• **THE TASK**
Take from the entries below the stretch from the line with "Two hook travel" through the line with "图解:这是使用零冷水燃气热水", and return it exactly, leaving the pictures out.

• **GIVEN INFORMATION**

****

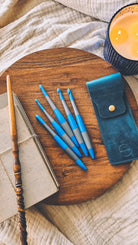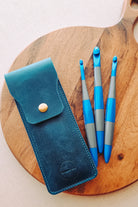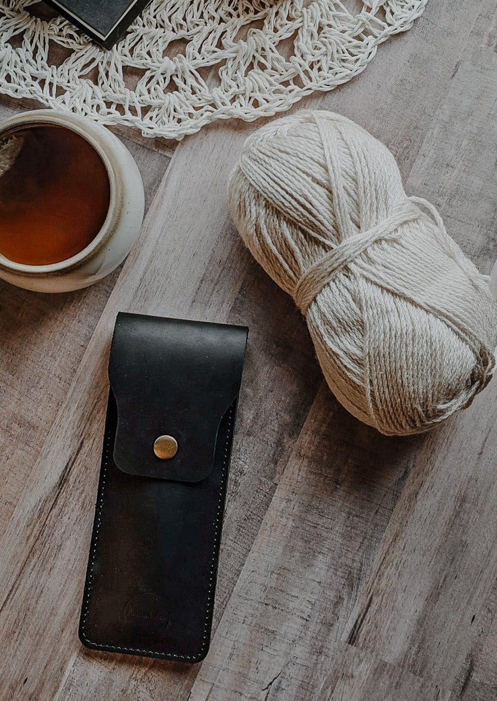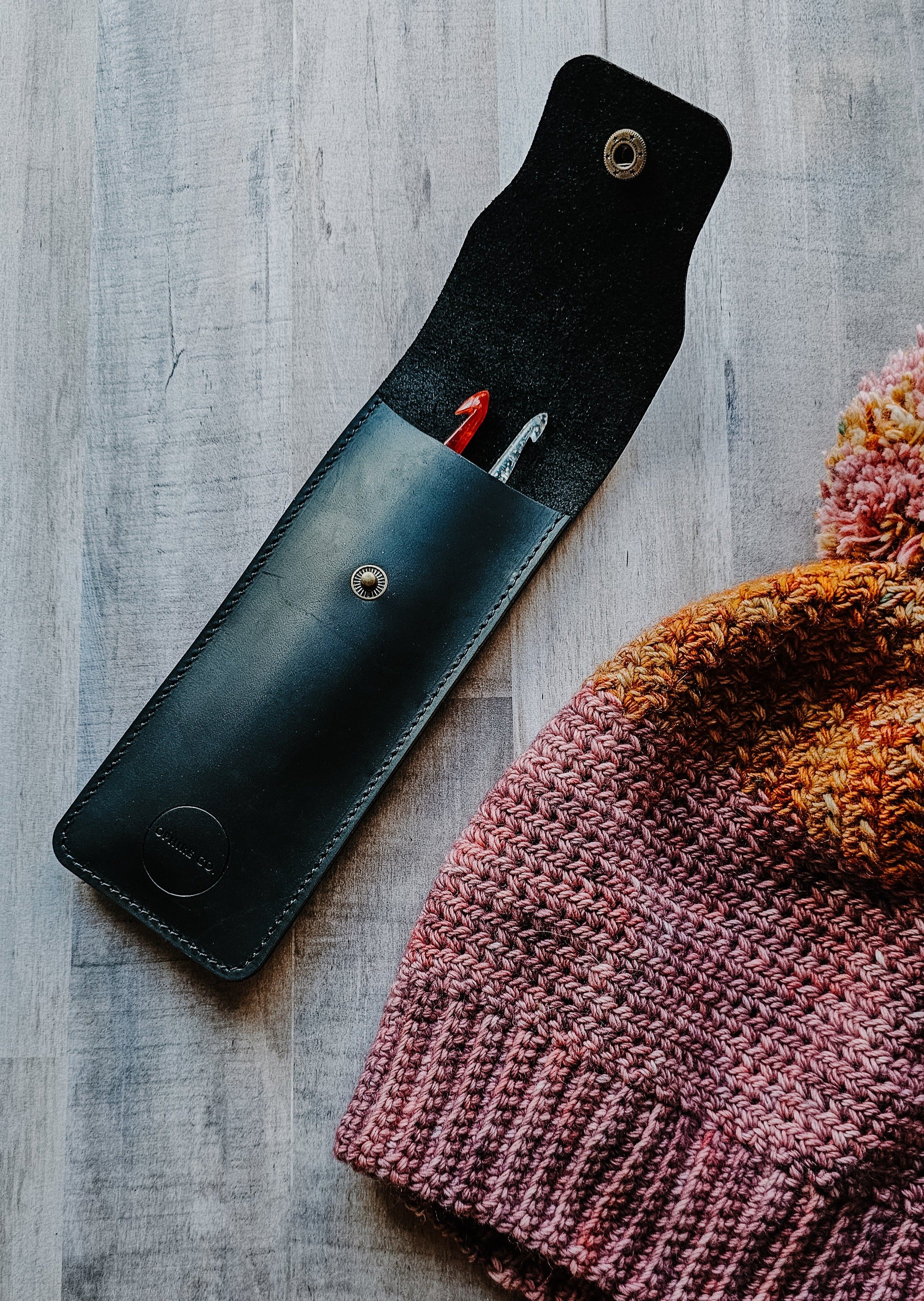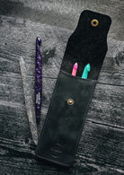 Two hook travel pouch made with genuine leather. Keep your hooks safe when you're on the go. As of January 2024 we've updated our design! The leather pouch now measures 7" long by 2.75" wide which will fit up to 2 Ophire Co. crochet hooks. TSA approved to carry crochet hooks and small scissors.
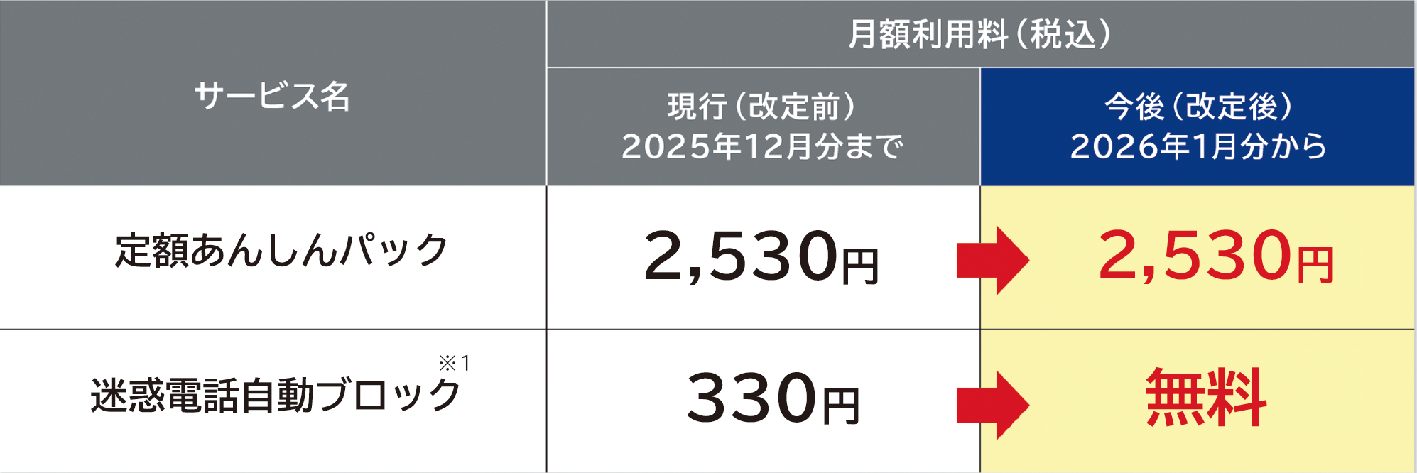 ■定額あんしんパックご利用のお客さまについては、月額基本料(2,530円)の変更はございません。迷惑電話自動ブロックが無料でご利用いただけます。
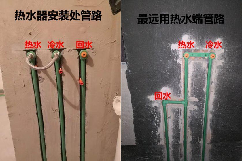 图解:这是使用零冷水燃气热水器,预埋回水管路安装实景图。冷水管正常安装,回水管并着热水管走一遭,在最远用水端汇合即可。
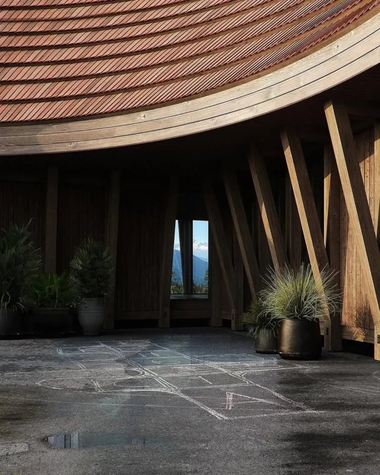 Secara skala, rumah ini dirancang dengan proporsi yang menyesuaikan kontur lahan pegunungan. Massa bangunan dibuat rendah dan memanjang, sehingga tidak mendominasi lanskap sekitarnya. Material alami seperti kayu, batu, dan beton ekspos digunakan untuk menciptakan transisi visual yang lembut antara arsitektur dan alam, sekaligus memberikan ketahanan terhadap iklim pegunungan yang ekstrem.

****

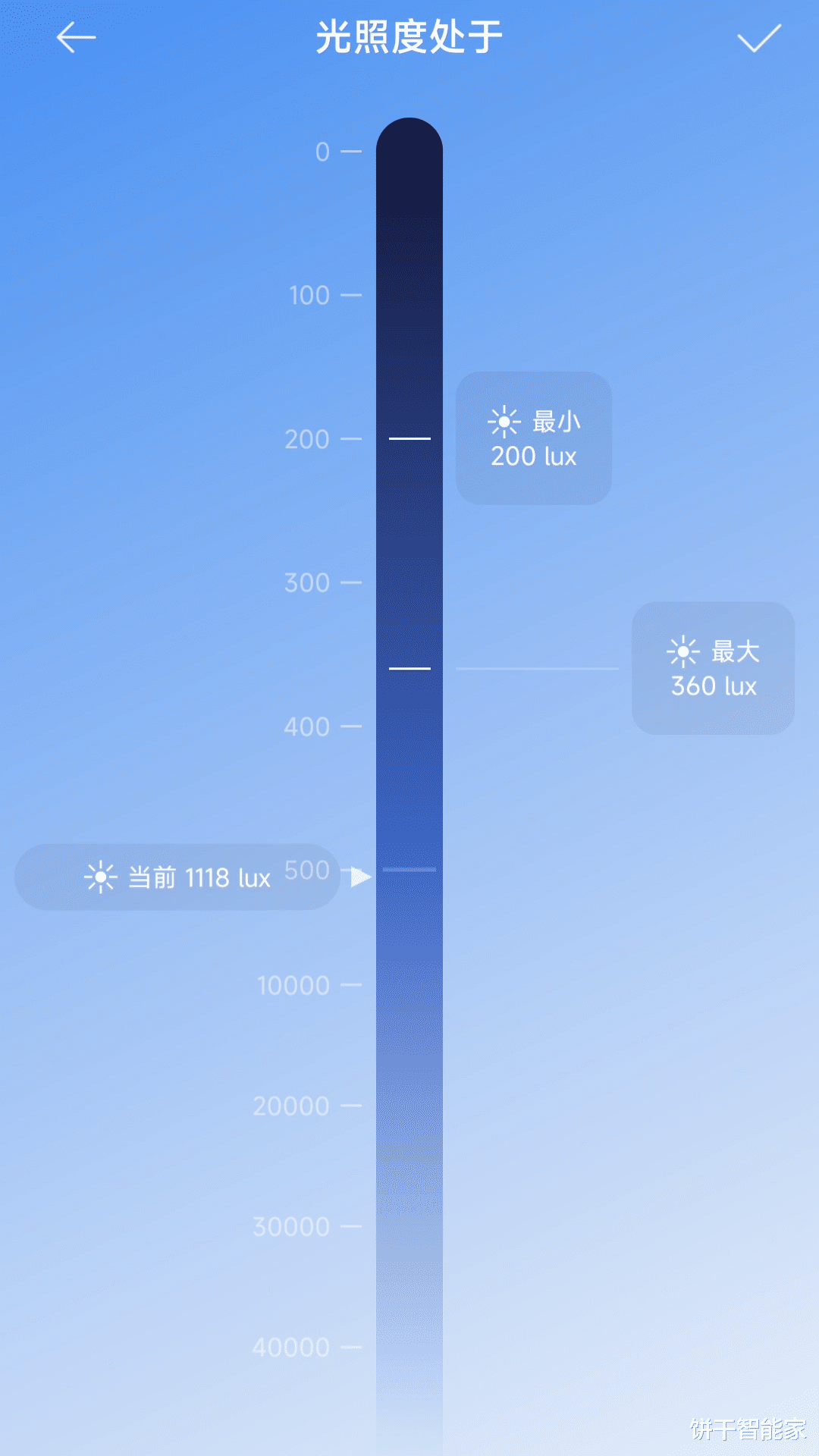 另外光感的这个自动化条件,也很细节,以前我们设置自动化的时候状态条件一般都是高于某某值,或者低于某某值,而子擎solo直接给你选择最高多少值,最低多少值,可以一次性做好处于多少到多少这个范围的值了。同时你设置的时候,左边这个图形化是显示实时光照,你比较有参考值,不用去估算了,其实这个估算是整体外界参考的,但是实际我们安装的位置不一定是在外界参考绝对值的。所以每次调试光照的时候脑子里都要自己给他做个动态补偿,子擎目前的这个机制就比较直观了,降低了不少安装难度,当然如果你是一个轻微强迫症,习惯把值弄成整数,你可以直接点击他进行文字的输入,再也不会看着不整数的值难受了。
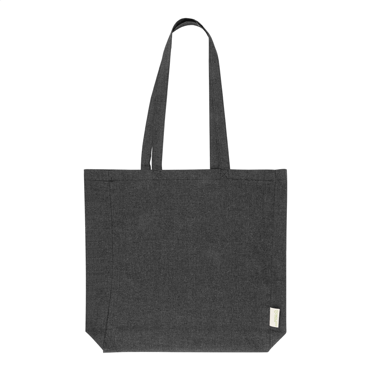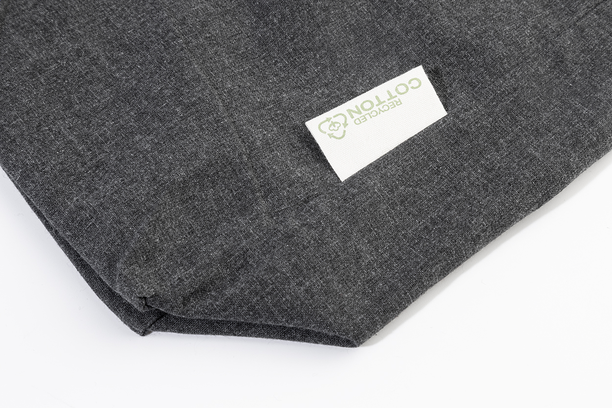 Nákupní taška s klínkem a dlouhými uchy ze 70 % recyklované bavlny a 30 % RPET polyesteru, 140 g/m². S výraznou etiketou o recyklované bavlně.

****

• **RESULT OF THE TASK**
 Two hook travel pouch made with genuine leather. Keep your hooks safe when you're on the go. As of January 2024 we've updated our design! The leather pouch now measures 7" long by 2.75" wide which will fit up to 2 Ophire Co. crochet hooks. TSA approved to carry crochet hooks and small scissors.
 ■定額あんしんパックご利用のお客さまについては、月額基本料(2,530円)の変更はございません。迷惑電話自動ブロックが無料でご利用いただけます。
 图解:这是使用零冷水燃气热水器,预埋回水管路安装实景图。冷水管正常安装,回水管并着热水管走一遭,在最远用水端汇合即可。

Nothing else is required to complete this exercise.